Due to my limited knowledge and experience in DBs, I hit a wall with theoretical planning. So, I generated a large set of test data to simply see what will work. All three tables had 500,000 test rows. Here are the avg. run times of the main search query:

  1. InnoDB without indexing: 90s.
  2. InnoDB with indexing: 15s. 0.3s after buffer pool size increase
  3. MyISAM without indexing: 9s.
  4. MyISAM with indexing: 0.7s.
  5. MyISAM with indexing + FIXED row type: 0.16s.

Test machine – Pentium 4 1.9GHz, 1.5GB RAM, IDE HDD, Win7.

I have basically not done anything to optimize other than indexing. So there might be a ton of things that I missed, that could have made InnoDB run faster. InnoDB buffer pool size was set to 16M (!!); I incremented it to 128M. Now, InnoDB is really fast. So one big reason for me leaning toward MyISAM is now gone. Maybe there is more that I can do.

Some points and long term usage estimates about the project:

  • 20 new products added daily, at roughly 20 x 100'specs' = 2000 record writes per day.

  • 1,000,000 page visits, and in worst case – same amount of search query runs per day.

  • Total record count for the tables is expected to reach 5,000,000 each.

  • Writes will be made by a semi-controlled group of people, where as read is public.

  • There are no complex 'transaction' type writes. The most complex write I can think of right now is – [one product row + 100 feature rows max] – at one shot

  • Require only a couple of constraints, but if necessitated by choice of MyISAM, I can enforce them at the application level itself.

  • DB access from other parts of the app – user registration, authentication etc.. will be few and far in between, I don't think they will have much effect.
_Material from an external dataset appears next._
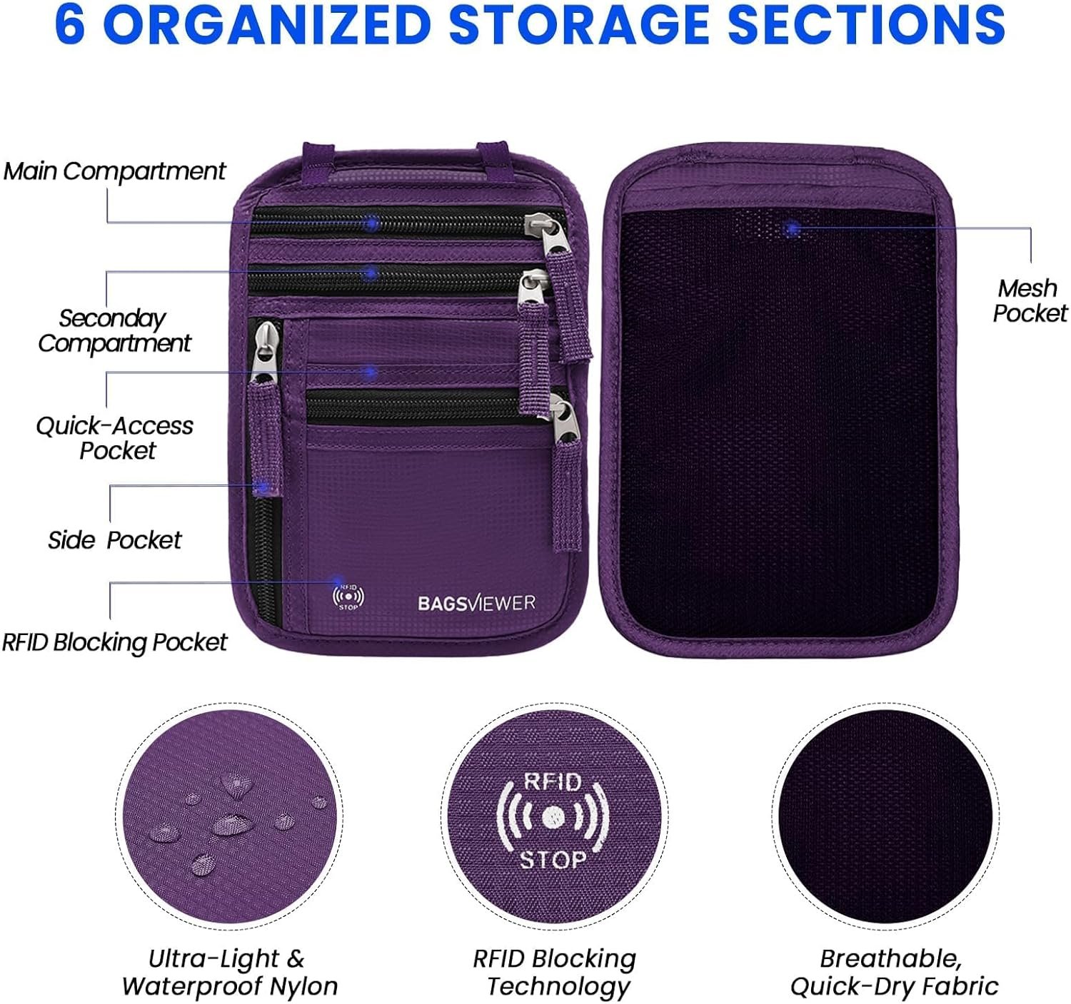 Multi-Compartment Storage: Featuring six spacious compartments, this travel wallet effectively organizes your passport, tickets, cards, cash, smartphone, and other essential items

Given all of that, I am biased towards MyISAM. But I need input from people already experienced in MySQL.

Questions:

  1. If the InnoDB run times are wrong/surprising, what have I missed in
    testing?
    Increasing buffer pool size dramatically increased performance. See above.
  2. If not, considering all of the above, is MyISAM really good
    choice in the long run?
  3. If MyISAM too turns out to be a bad choice
    later, how easily can I restructure the database? What options do I
    have?

On a side note:

  1. If choosing EAV was bad, what other architecture can I use for this project?

Best Answer

InnoDB and MyISAM each have their strengths and weaknesses.

If you have enough RAM, I would choose InnoDB because it caches data and index pages in the Buffer Pool. MyISAM only caches index pages in the Key Cache.

MyISAM tables experience full table locks for each INSERT, UPDATE, and DELETE. MyISAM tables always require disk access for data.

InnoDB tables always incur disk I/O in the following areas:

  • Double Write Buffer : Changes are posted in ibdata1 to avoid OS caching
  • Insert Buffer : Changes to Secondary (non-Unique) Indexes as posted in ibdata1
  • Data and Indexes
    • With innodb_file_per_table = 0, changes are written to ibdata1
    • With innodb_file_per_table = 1, changes are written to .ibd tablespace file. Read I/O against ibdata1 still necessary to crosscheck table metadata

SUMMARY

In an environment with the following:

  • heavy writes
  • heavy reads
  • tons of RAM
  • heavy connections

I would always choose InnoDB. Please check out my other post about InnoDB over MyISAM : When to switch from MyISAM to InnoDB?

When would I every choose MyISAM?

Under the following scenario

  • Using MySQL Replication
  • Master with all InnoDB
  • Slave with all tables converted to MyISAM
  • ALTER TABLE ... ROW_FORMAT=Fixed for all tables on the Slave

Disk I/O wise, MyISAM has a slight edge with ROW_FORMAT-Fixed because you only interact with one file, the .MYD file. The row size is completely predictable because VARCHAR is treated as CHAR this shortening access time for data retrieval.

On the other hand, InnoDB has to interact with multiple files (ibdata1, serveral read/write threads upon the .ibd of the InnoDB table).